The premium can be included as part of the loan amount or paid in advance at the time of settlement. Your lender can provide you with details of the likely costs after you apply for the loan. When you refinance, your LMI may be repaid (especially if your loan amount is increasing). Your mortgage broker will help you calculate all the costs involved so that you have an accurate idea of how much money you will have to spend on buying your property.
This type of insurance covers the remaining unpaid amount of the loan if the amount recovered from the sale of the property is not enough to pay the loan in full to the lender. Both stamp duty and GST are paid in lenders' mortgage insurance and are generally included in the total quoted price of your LMI. So, it's important to remember that the lender's mortgage insurance doesn't protect you, but the lender. While most lenders tend to trust lenders' mortgage insurance if the LVR is greater than 80%, some lenders have created their own alternative (and often in-house) risk process.
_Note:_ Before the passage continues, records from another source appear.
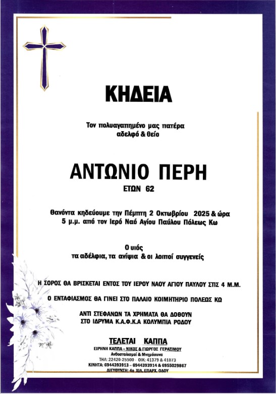 ΕιδήσειςΦήμες Αύριο Πέμπτη 5μμ το «τελευταίο αντίο» στον Αντώνη Περή στον ΙΝ Αγίου Παύλου Κω Από aegeanews - 1 Οκτ 2025 0 302 Κοινοποίηση στο Facebook Μοιραστείτε στο X Απέραντη θλίψη σκόρπισε στην Κω ο θάνατος του αγαπητού συμπολίτη μας Αντώνη Περή
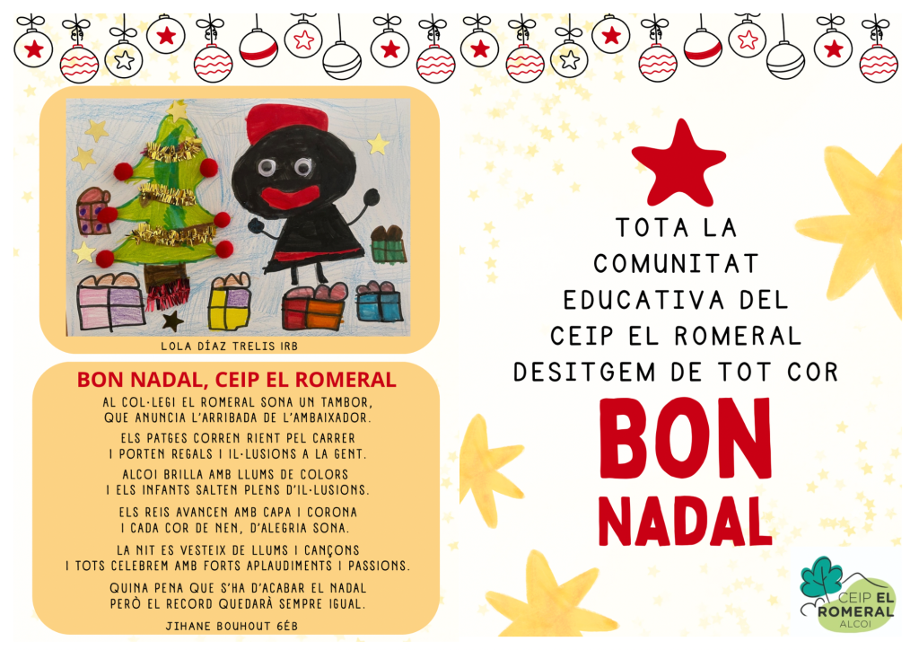 LA COMUNITAT EDUCATIVA DEL CEIP EL ROMERAL US DESITJA UN NADAL PLE D’AMOR, PAU I ALEGRIA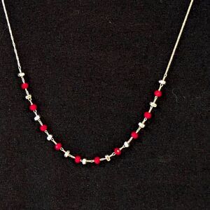 Minimalist beaded silver-tone layered necklace set with red crystals and pendants, each chain adjustable 16–21 inches with a 5-inch extender. This 5-piece set can be worn individually for subtle shine or layered together for a bold statement.

Mortgage protection insurance is designed to help you pay your mortgage if you become seriously ill or disabled and unable to work. The Insurance Council of Australia manages Find an Insurer, which can help homeowners identify insurers that offer the products they are looking for. Mortgage protection insurance insures borrowers and can cover mortgage repayments in the event of unforeseen circumstances, such as unemployment, injury, illness, or death. The LMI insurer can pay your lender an amount according to the LMI policy and then ask you, the borrower, to return this amount directly.
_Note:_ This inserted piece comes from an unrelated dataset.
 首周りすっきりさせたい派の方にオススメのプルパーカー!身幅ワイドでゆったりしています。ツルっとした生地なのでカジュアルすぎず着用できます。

You can also get mortgage protection as part of your current life insurance or income protection policy, for example, through your superfund. Mortgage insurance for lenders (LMI) is insurance that a lender (such as a bank or financial institution) takes out to protect against the risk of not recovering the full balance of the loan if you, the borrower, cannot meet the loan payments. Life insurance providers typically offer mortgage protection insurance as a standalone policy and is specifically designed to repay the policyholder's mortgage in the event of death. For most healthy people, especially young people who buy their first home, the best mortgage protection insurance policy is often included as an extra in their life insurance policy.
There are only a select number of general insurance companies in Australia that still offer or provide this type of coverage. The LMI can be partially repayable if the loan is paid off early in the life of the loan (usually only during the first or second year). While it's impossible to say that a policy is the “best,” if you're a borrower, the best mortgage protection insurance will fit your budget and other needs comfortably.